The tight pressure constraints found in HTHP wells mean that the traditional density hierarchy -  cement heavier than the mud with an intermediate spacer -is difficult to achieve without exceeding formation fracture pressure. A viscosity hierarchy is also desirable, but when cement is thicker than mud , the friction pressure may increase beyond the limit. This emphasizes the importance of other good drilling and cementing practices: drilling an even wellbore, circulating and conditioning the mud correctly, and centralizing the casing.



In gas zones with a low overbalance, there is the risk that high-pressure gas will enter the cement during hydration and create large channels. Elsewhere, loss of fluid into the formation reduces the slurry liquid-to-solid ratio, changing rheology, density and setting time.

Once the 7-in. liner is cemented, casing pressure tests simulate losing control during well testing and exposing the entire string to formation pressure. Test are generally carried out using a retrievable packer set above the theoretical top of cement in the annulus. 

Testing :

Cores are taken and logs run where possible and used to decide whether and where to test. Coring may be limited by its prospensity to swab the well and cause kicks. For logging, the tolerance of all standard wireline logging tools to high temperature may be boosted by thermal insulation.

Once  cores and logs have indicated the presence of hydrocarbons, a well test is needed to determine parameters like reservoir extent and permeability, and to sample reservoir fluid. In almost all cases, a cased-hole drillstem test is used. The well is normally shut in using a downhole valve and flow is controlled at surface using a choke manifold. Periods of flow and shut-in allow collection of data like flow rate and pressure changes. 

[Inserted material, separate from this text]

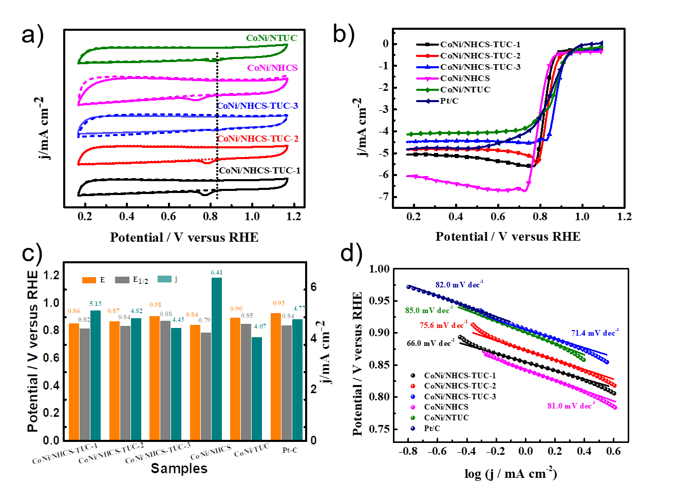 图5 (a) 使用O2或N2饱和的0.1 M KOH 在50 mV·s-1下不旋转获得的循环伏安图;(b) 使用O2饱和的0.1 M KOH 水溶液在5 mV·s-1和1600 rpm 下获得的ORR 的RDE 极化曲线;(c) 使用O2饱和的0.1 M KOH 水溶液在5 mV·s-1和1600 rpm 下获得的起始电位、半斜率电位和极限扩散电流密度。(d) 使用O2饱和的0.1 M KOH 水溶液在5 mV·s-1和1600 rpm 下获得的线性扫描伏安图的塔菲尔图。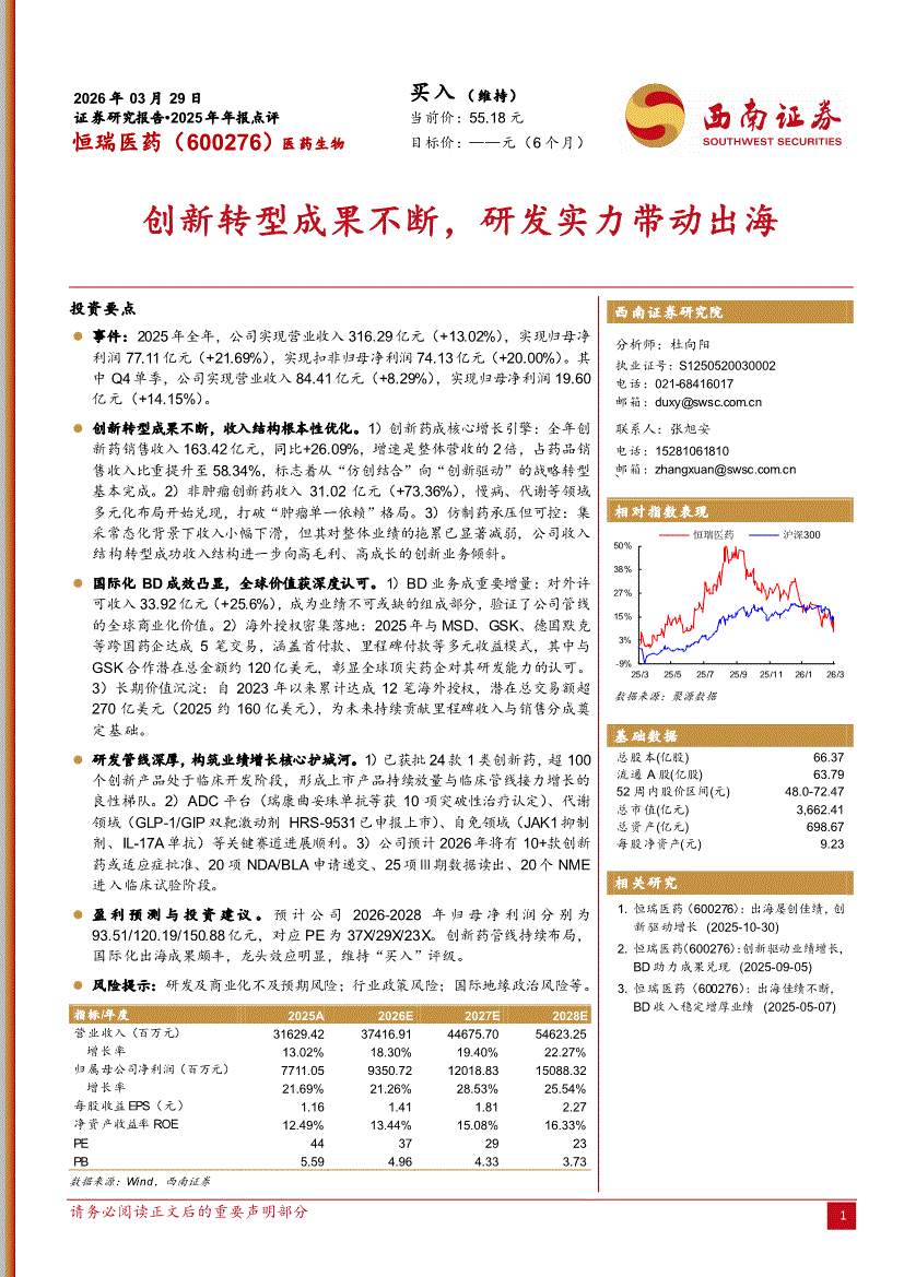 恒瑞医药:西南证券-恒瑞医药-600276-创新转型成果不断,研发实力带动出海-260329

The rates and pressures experienced during testing HTHP wells are prodigious. One test by Ranger Oil Ltd. in the Centrl Graben using a jackup rig resulted in 44 MMscf/D of gas and 4400 B/D of condensate. The maximum recorded tubing-head pressure was 12,500 psi, the bottomhole temperature was 386 degree F (197 degree C.

Downhole Equipment:

Sealing off the candidate formation requires a packer. During an HTHP test, differential pressures across the packer may exceed 10,000 psi. For this reason, permanent packers are usually chosen, rather than  retrievable packers used in lower pressure test. With wireline (or very ocassionally drillipipe), the packer is installed complete with a sealbore, and a seal assembly is then run with the test string to seal into the packer.

Perforating with wireline guns is generally avoided during HTHP tests, so tubing-conveyed perforating (TCP) is preferred. Unlike wireline perforating, TCP allows the reservoir to be perforated underbalanced and immediately flowed through the test string.Because the guns will spend hours in the well prior to firing, high-temperature explosive is used. In most cases, the TCP guns are run as part of the test string, rather than hung off below the packer. This reduces the time that the explosives spend downhole and allows the guns to be retrieved in case of total failure. 



In most cases, test tools are operated using annular pressure. The condition of the fluid in the annulus, usually drilling mud, plays a critical factor. High-density, high-solids drilling fluid may plug pressure ports and reduce tool reliability. Solids may also settle, potentially sticking the test string. The effects on heavy, water-base mud of being static in a hot well have been thoroughly investigated in the laboratory and the performance of test tools has been improved to reduce downhole failures. In some cases, the annular fluid is changed to high-density brine, which is solids free but increases the expense of the test.